Print nothing beyond the line with "The Indie-Dolly Singleman": every line from the beginning of the data up to it, that line included, and no pictures.
** DATA SECTION follows **
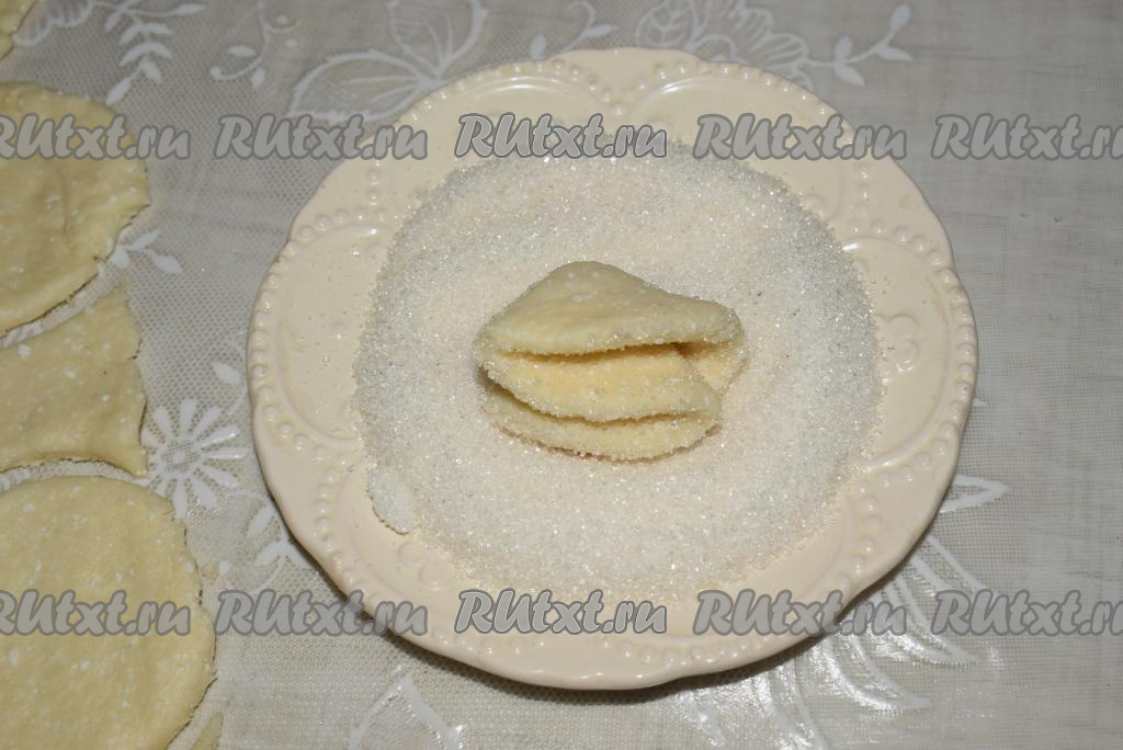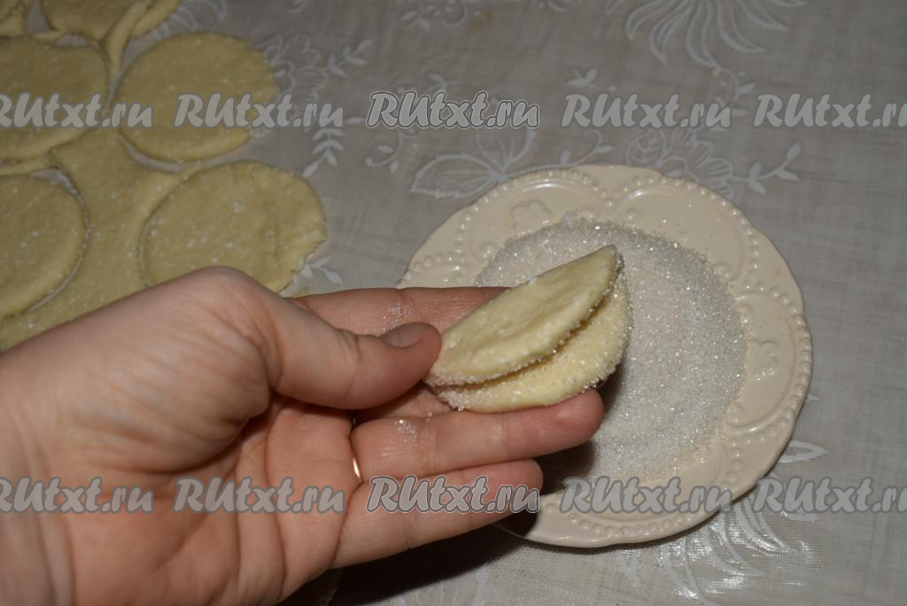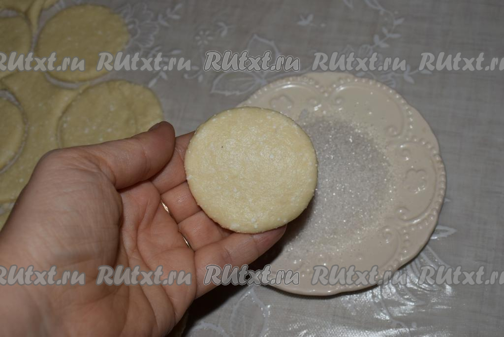 Сахар насыпаем в плоское блюдце. Берем в руку кружочек теста и одной стороной опускаем в сахар.
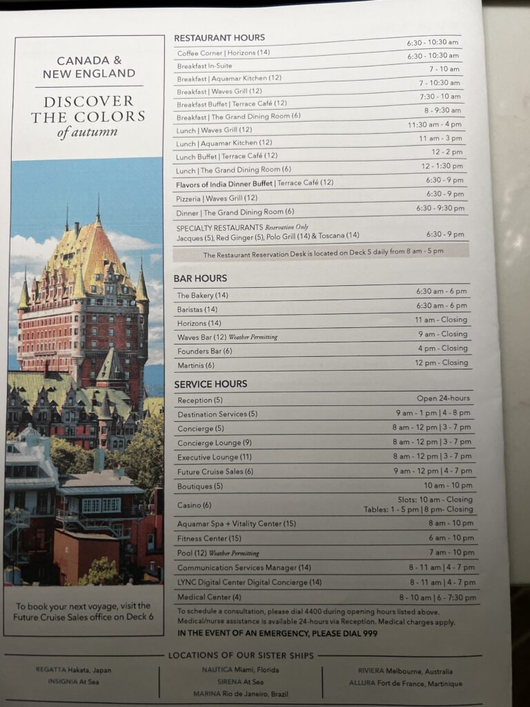 HAL buffet was better than Oceania other than not being able to find a place to sit in the HAL buffet. Jackie said larger and more variety on HAL. Myself – I can’t get past the inability to not find a seat in the HAL buffet although I did like on HAL they served you while on Oceania you have to serve yourself leading to spread of illness as we both know exists.
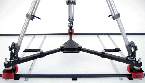 The Indie-Dolly Singleman is a lightweight tripod dolly with receptacles that will adapt with our Manfrotto heavy-duty tripods. It comes in a single kit with a set of trackwheels for use with Indie Straight Track kits.
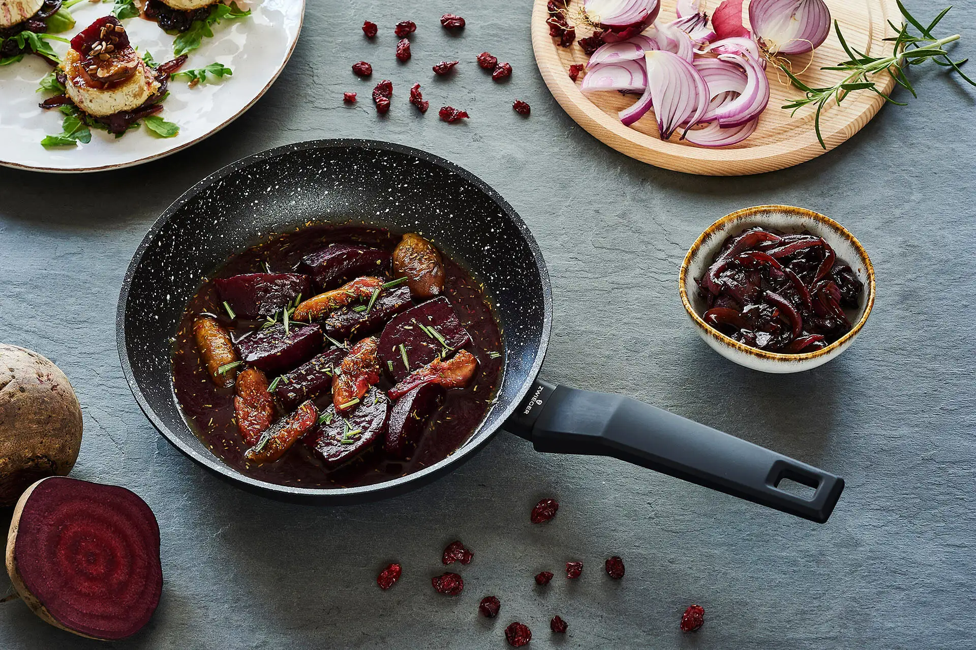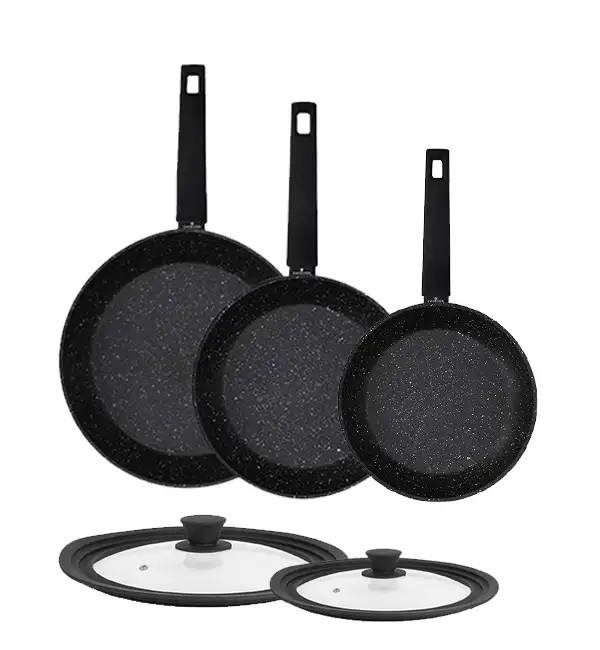 ZWIEGER FORTE Komplet Patelnia aluminiowa 20, 24, 28 cm / powłoka granitowa PFLUON / indukcja + pokrywki silikonowe Tadar
** End of DATA SECTION **
| ANSWER SPACE |
 Сахар насыпаем в плоское блюдце. Берем в руку кружочек теста и одной стороной опускаем в сахар.
 HAL buffet was better than Oceania other than not being able to find a place to sit in the HAL buffet. Jackie said larger and more variety on HAL. Myself – I can’t get past the inability to not find a seat in the HAL buffet although I did like on HAL they served you while on Oceania you have to serve yourself leading to spread of illness as we both know exists.
 The Indie-Dolly Singleman is a lightweight tripod dolly with receptacles that will adapt with our Manfrotto heavy-duty tripods. It comes in a single kit with a set of trackwheels for use with Indie Straight Track kits.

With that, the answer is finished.